__Data segment__.
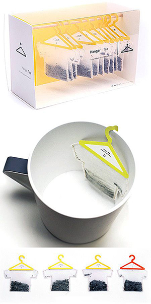 3. 衣柜造型的茶葉盒,衣服形狀的茶葉包被掛在紙質的衣架上,整整齊齊的排列在一起,既方便又有創意。
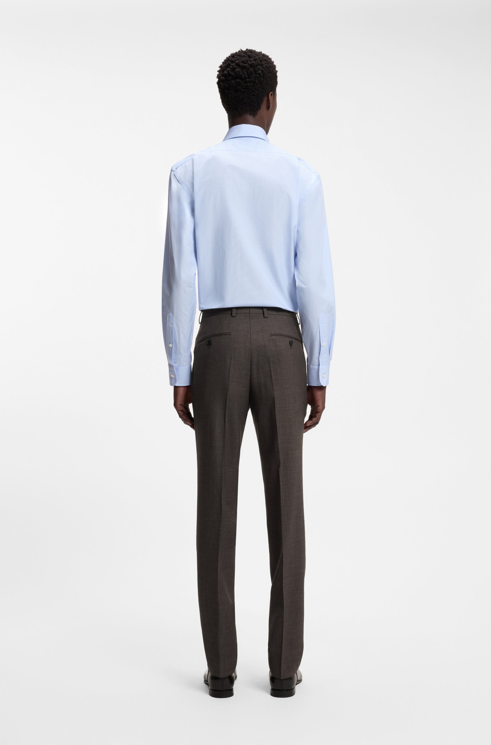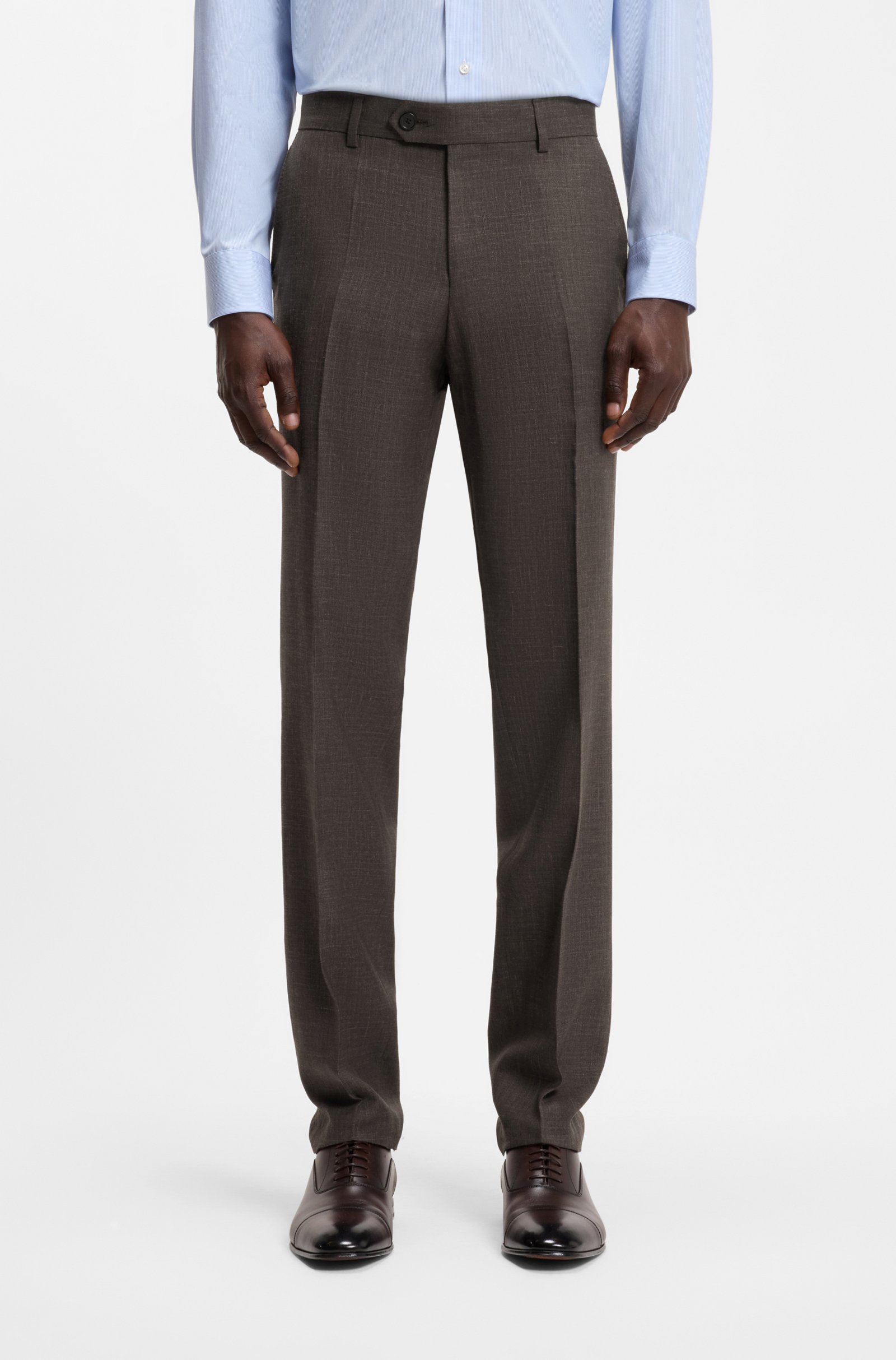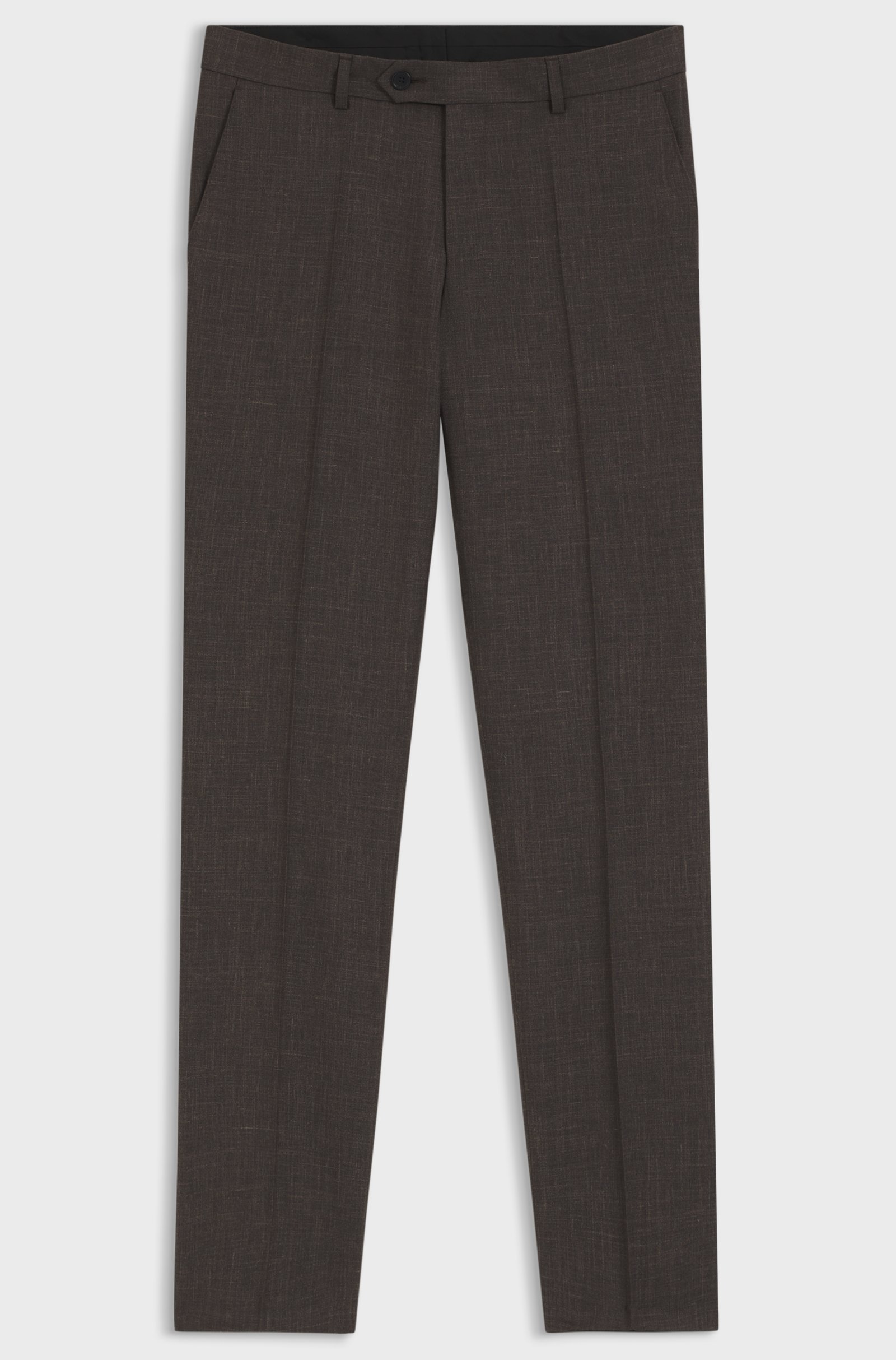 BOSS BY BECKHAM pantalon voor heren. Vakkundig vervaardigd van wol, zijde en linnen. BOSS BY BECKHAM is een verhaal van klassiekers in een nieuw jasje, geïnspireerd door David Beckhams kenmerkende stijl.
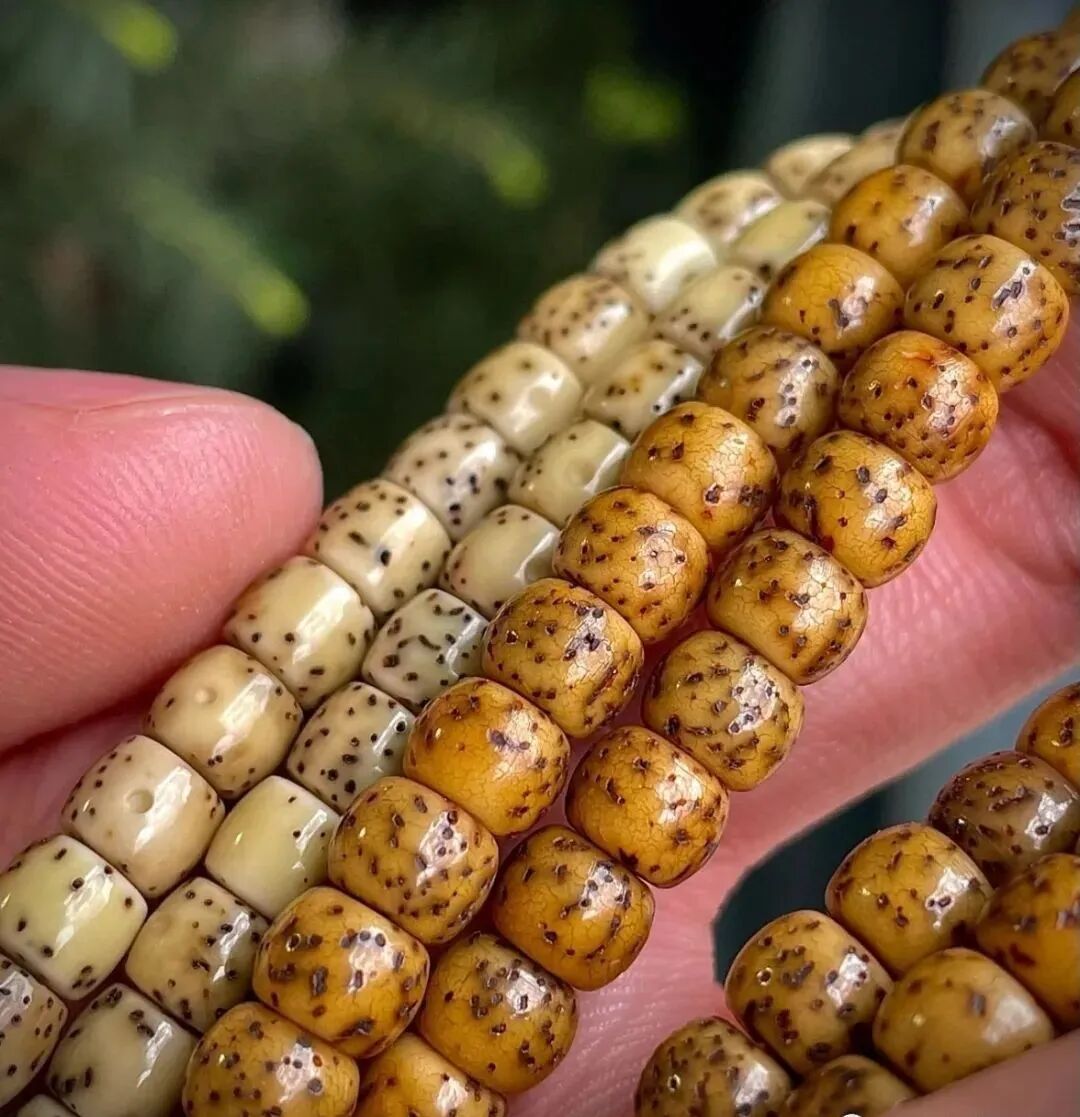 因为星月菩提,每一颗的密度都不可能相同,就算是同树籽,密度也会有差别,所以色差是很正常的,但是花脸,是属于出现在同一颗籽上的色差,那么花脸就要寻找一下原因了。![]()
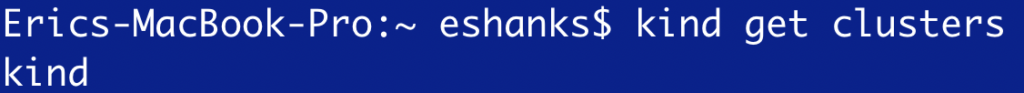 This command will show you the list of all kind clusters on your system. You’ll notice by default that the name of your cluster is also “kind”. If you’d like to create a cluster with a specific name, you can use the command:

__Work instructions__. Set down the whole listing exactly as given, except for the pictures.

__Output for this task__.
 3. 衣柜造型的茶葉盒,衣服形狀的茶葉包被掛在紙質的衣架上,整整齊齊的排列在一起,既方便又有創意。
 BOSS BY BECKHAM pantalon voor heren. Vakkundig vervaardigd van wol, zijde en linnen. BOSS BY BECKHAM is een verhaal van klassiekers in een nieuw jasje, geïnspireerd door David Beckhams kenmerkende stijl.
 因为星月菩提,每一颗的密度都不可能相同,就算是同树籽,密度也会有差别,所以色差是很正常的,但是花脸,是属于出现在同一颗籽上的色差,那么花脸就要寻找一下原因了。![]()
 This command will show you the list of all kind clusters on your system. You’ll notice by default that the name of your cluster is also “kind”. If you’d like to create a cluster with a specific name, you can use the command:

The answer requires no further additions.